Super-Earth Found Near the Habitable Zone of Red Dwarf

Ross 508 Planetary System

The green region represents the habitable zone where liquid water can exist on the planetary surface. The planetary orbit is shown as a blue line. Ross 508 b skims the inner edge of the habitable zone (solid line), possibly crossing into the habitable zone for part of the orbit (dashed line). Credit: Astrobiology Center

A new super-Earth planet was found 37 light years from Earth.

Only 37 light-years from Earth, a super-Earth planet has been discovered close to a red dwarf star’s habitable zone. This is the first finding made by a brand-new instrument on the Subaru Telescope, and it presents an opportunity to look into the possibility of life existing on planets around nearby stars. With such a promising initial finding, we can hope the Subaru Telescope finds more, perhaps even better, candidates for habitable planets near red dwarfs in the future.

Three-quarters of the stars in the Milky Way Galaxy are red dwarfs, which are smaller than the Sun and abundant in the solar neighborhood.
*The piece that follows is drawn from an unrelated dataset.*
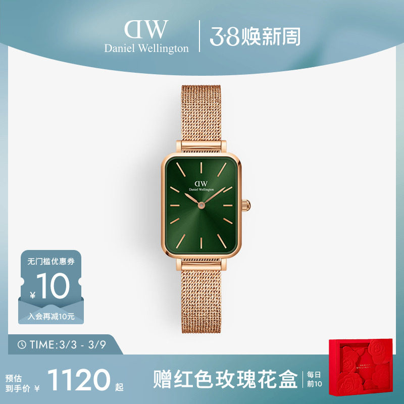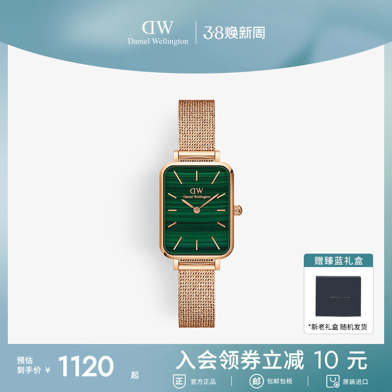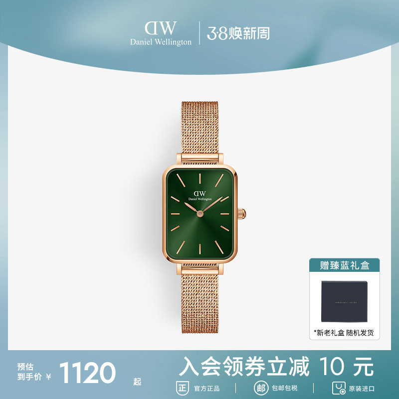 DW女表女士手表QUADRO复古小绿表轻奢小众手表石英腕表经典礼物

They are thus crucial targets in the hunt for nearby extrasolar planets and extraterrestrial life. Red dwarfs are cooler than other kinds of stars and produce less visible light, which makes it challenging to study them.

Red dwarfs are more visible at infrared wavelengths. In order to look for evidence of planets surrounding red dwarf stars, the Astrobiology Center in Japan created an infrared observational instrument mounted atop the Subaru Telescope. The instrument is called IRD for Infrared Doppler, the observational method used in this search.

The first fruits of this search are signs of a super-Earth four times the mass of the Earth circling the star Ross 508, located 37 light-years away in the constellation Serpens. This planet, Ross 508 b, has a year of only 11 Earth-days and lies at the inner edge of the habitable zone around its host star. Interestingly, there are indications that the orbit is elliptical, which would mean that for part of the orbit the planet would be in the habitable zone, the region where conditions would be right for liquid water to exist on the surface of the planet. Whether or not there is actually water or life are questions of further study.

To have the very first planet discovered by this new method be so tantalizingly close to the habitable zone seems too good to be true and bodes well for future discoveries. Bun’ei Sato, a Professor at the Tokyo Institute of Technology and the principal investigator in this search comments, “It has been 14 years since the start of IRD’s development. We have continued our development and research with the hope of finding a planet exactly like Ross 508 b.”

Reference: “A super-Earth orbiting near the inner edge of the habitable zone around the M4.5 dwarf Ross 508” by Hiroki Harakawa, Takuya Takarada, Yui Kasagi, Teruyuki Hirano, Takayuki Kotani, Masayuki Kuzuhara, Masashi Omiya, Hajime Kawahara, Akihiko Fukui, Yasunori Hori, Hiroyuki Tako Ishikawa, Masahiro Ogihara, John Livingston, Timothy D Brandt, Thayne Currie, Wako Aoki, Charles A Beichman, Thomas Henning, Klaus Hodapp, Masato Ishizuka, Hideyuki Izumiura, Shane Jacobson, Markus Janson, Eiji Kambe, Takanori Kodama, Eiichiro Kokubo, Mihoko Konishi, Vigneshwaran Krishnamurthy, Tomoyuki Kudo, Takashi Kurokawa, Nobuhiko Kusakabe, Jungmi Kwon, Yuji Matsumoto, Michael W McElwain, Koyu Mitsui, Takao Nakagawa, Norio Narita, Jun Nishikawa, Stevanus K Nugroho, Eugene Serabyn, Takuma Serizawa, Aoi Takahashi, Akitoshi Ueda, Taichi Uyama, Sébastien Vievard, Ji Wang, John Wisniewski, Motohide Tamura and Bun’ei Sato, 30 June 2022, Publications of the Astronomical Society of Japan.